Write out again, exactly as they appear, the lines from the start of the data below through the line with "Protected Wildlife & Marine Life"; no pictures.
================
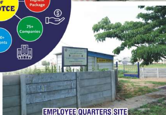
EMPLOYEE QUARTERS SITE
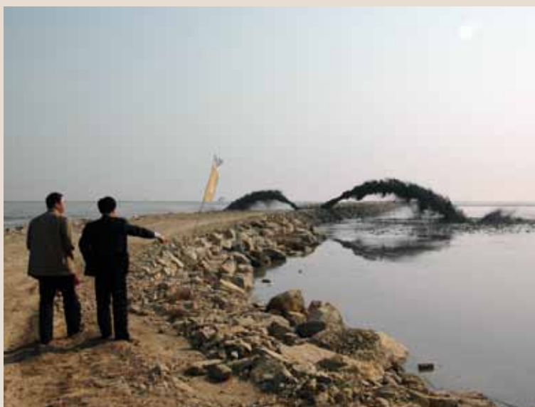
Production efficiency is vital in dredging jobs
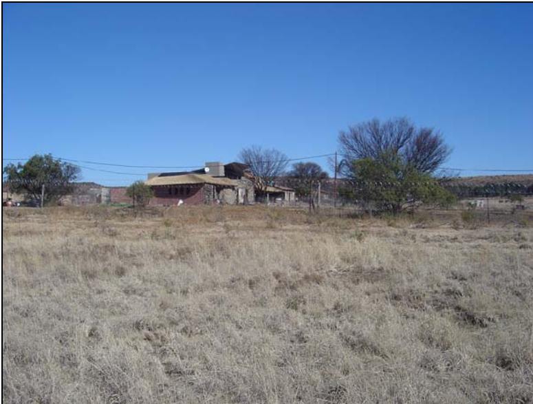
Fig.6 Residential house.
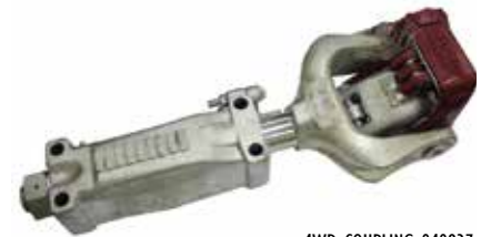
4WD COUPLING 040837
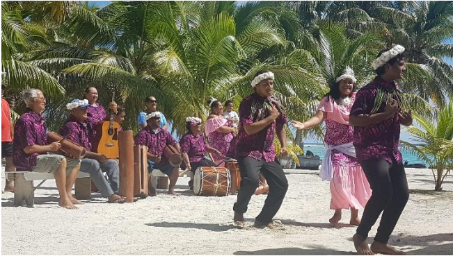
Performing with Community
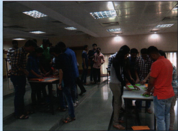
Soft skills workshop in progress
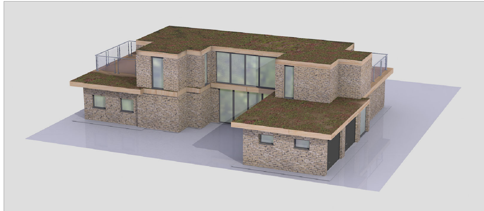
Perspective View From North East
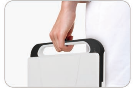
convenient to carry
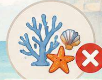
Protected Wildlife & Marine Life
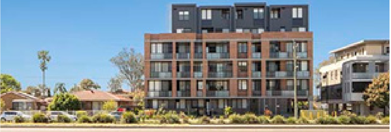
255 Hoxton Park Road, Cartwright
================
**Answer to the exercise:**
EMPLOYEE QUARTERS SITE
Production efficiency is vital in dredging jobs
Fig.6 Residential house.
4WD COUPLING 040837
Performing with Community
Soft skills workshop in progress
Perspective View From North East
convenient to carry
Protected Wildlife & Marine Life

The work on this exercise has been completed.